J Tissue Viability. 2022 Nov 7:S0965-206X(22)00116-4. doi: 10.1016/j.jtv.2022.11.001. Online ahead of print.
BACKGROUND: Subepidermal moisture (SEM) scanning is a novel technology that measures changes in localised oedema. Accumulation of subepidermal oedema is associated with early tissue damage that may lead to a pressure injury.
AIM: The primary study objective was to observe the variations in sacral subepidermal oedema levels over a continuous period of 60-degree head of bed elevation positioning.
METHODS: Healthy adult participants were recruited in this prospective observational study. Participants were positioned at 60-degree head of bed elevation for 120 min and sacral SEM measurements were collected at baseline and in 20 min increments.

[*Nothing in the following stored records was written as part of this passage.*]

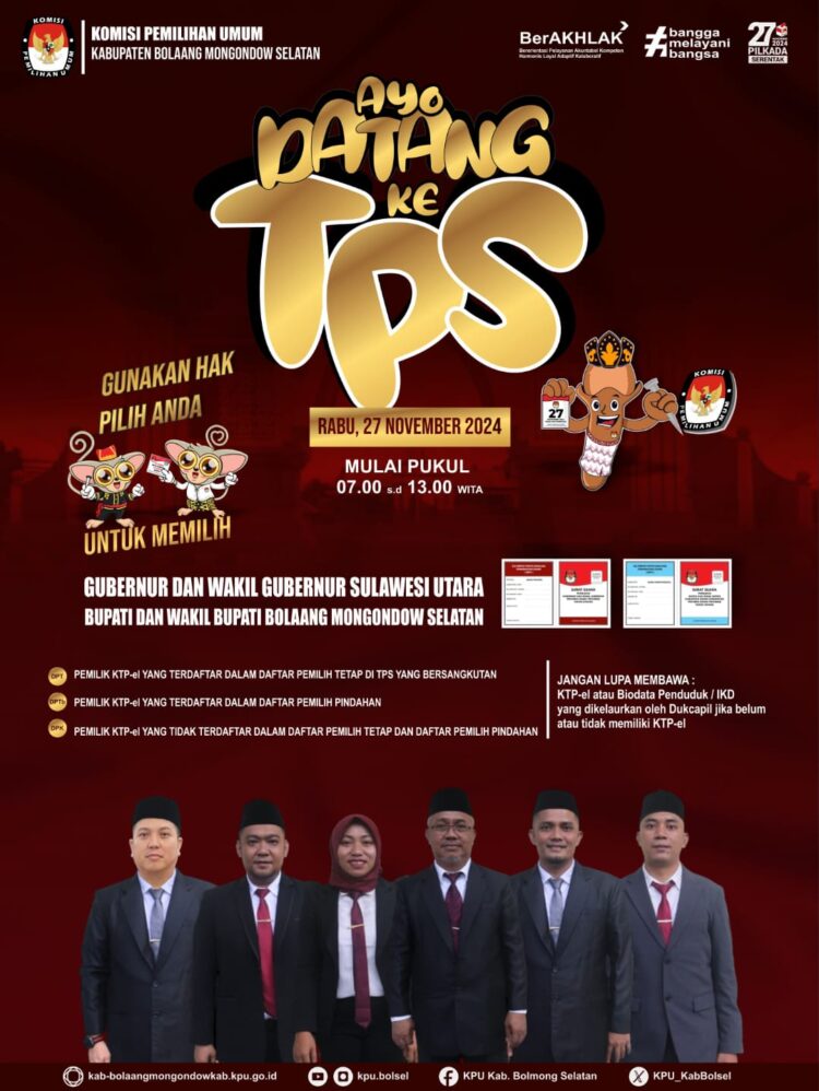 Dalam pengumuman tersebut, KPU Bolsel mengimbau masyarakat yang memenuhi syarat untuk hadir dan menggunakan hak pilihnya di tempat pemungutan suara (TPS).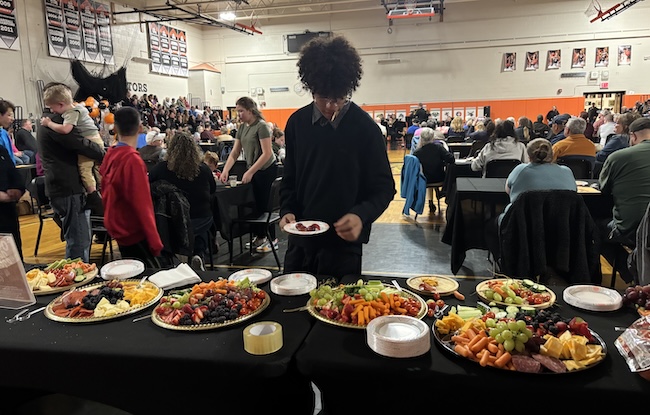The music boosters groups from the five districts arranged for the refreshments. There were 20 tables on the floor of the gym and the bleachers were mostly full.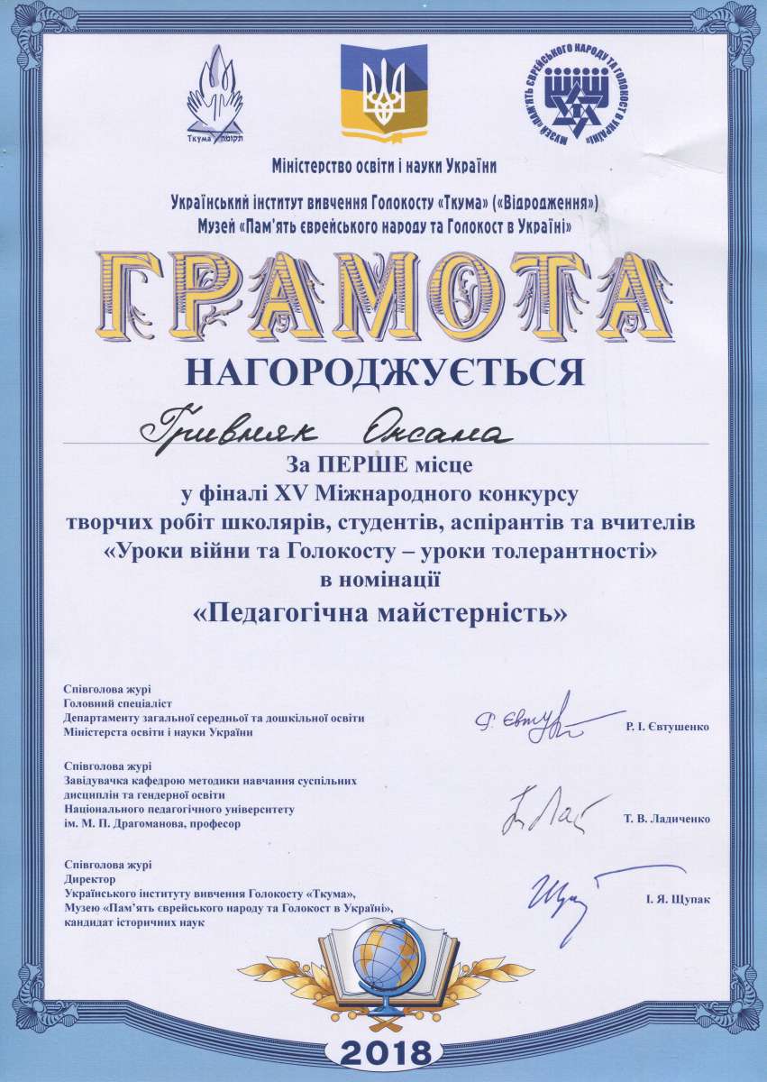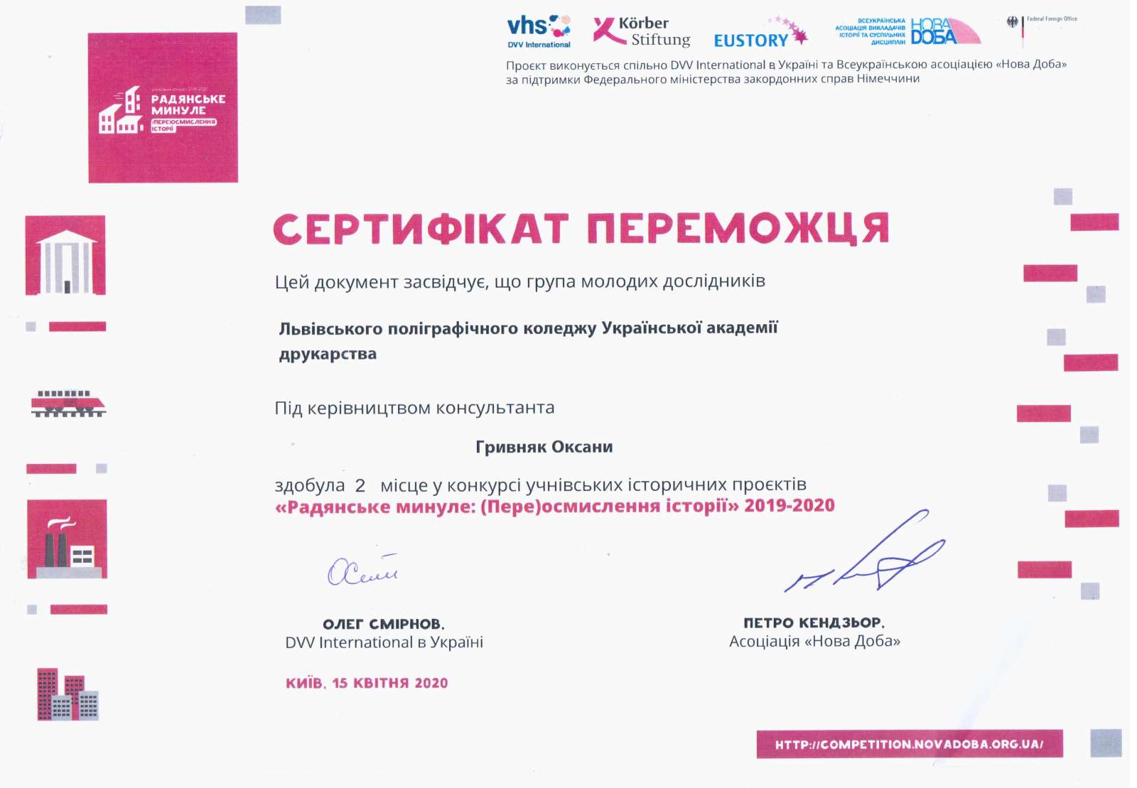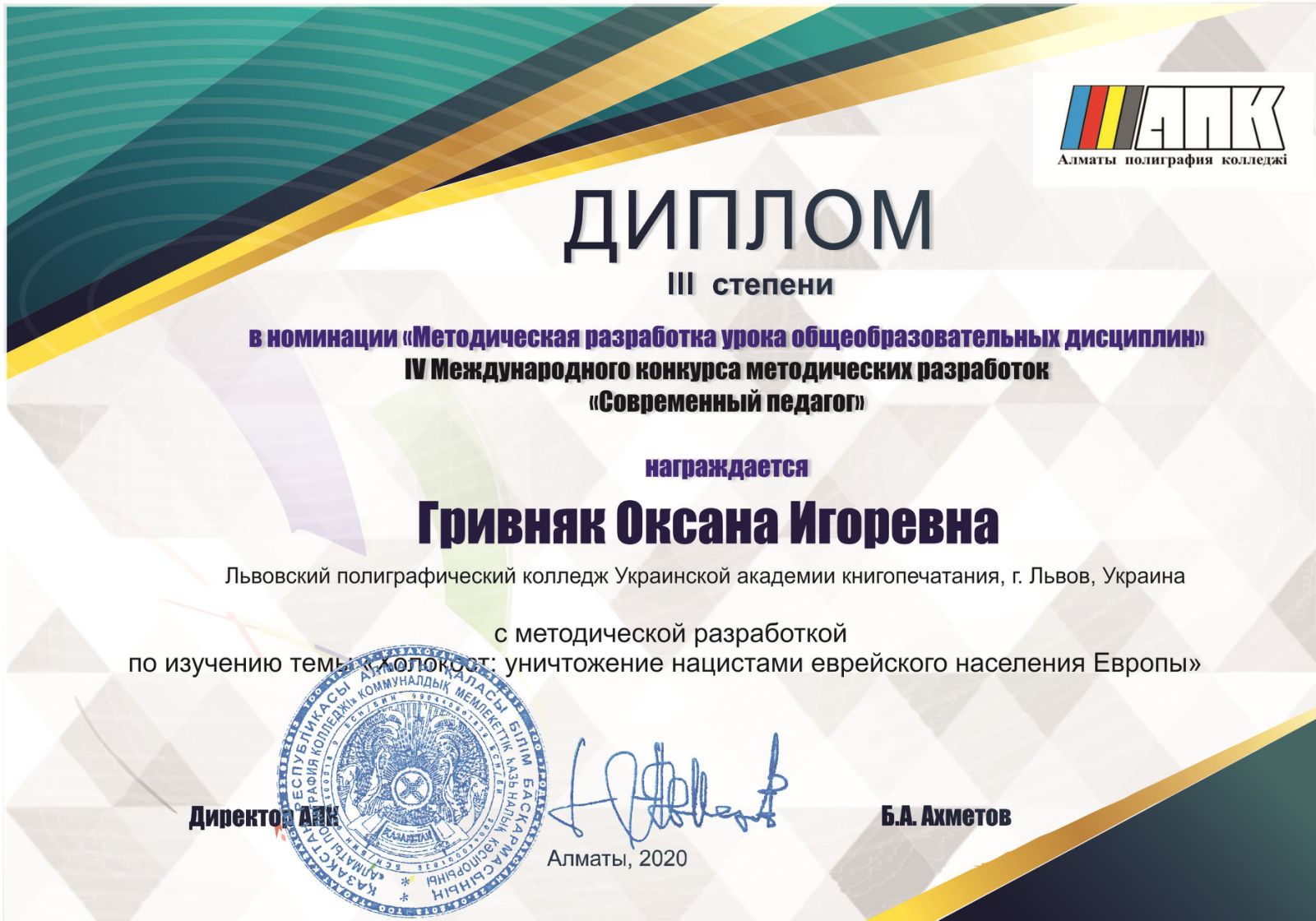 Я, Гривняк Оксана, працюю викладачем суспільних дисциплін ВСП "Львівський поліграфічний коледж Української академії друкарства" з 2000 року. Маю звання викладача-методиста та переможців всеукраїнських і міжнародних конкурсів.

RESULTS: A total of 20 participants with a mean age of 39.3 years (SD = 14.7) were recruited. The mean SEM delta value increased 6.3% from 0.46 SEM delta at baseline to 0.49 SEM delta after 120 min, however these differences are not statistically significant (p = .21). There were also no significant findings between SEM delta variations and demographic factors.

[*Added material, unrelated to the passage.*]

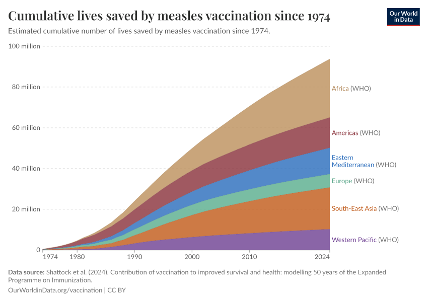 The impact has been greatest in Africa, with 29 million lives saved, and Southeast Asia, with 20 million lives saved. These are regions where measles was a leading cause of death in children until recently.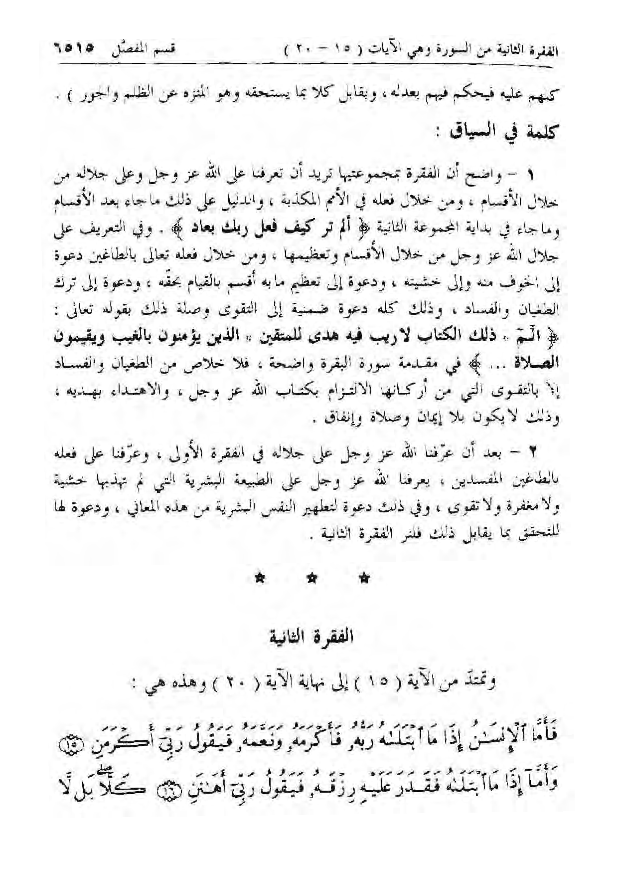وتمتد من الآية (15) إلى نهاية الآية (20) وهذه هي:

CONCLUSION: In a sample of healthy individuals, 120 min of continuous loading with a 60-degree head of bed elevation did not lead to a significant change in sacral subepidermal oedema levels. Further research on the response of healthy adult tissue under external forces associated with different angles of head of bed positioning may further contribute to our understanding pressure injury prevention.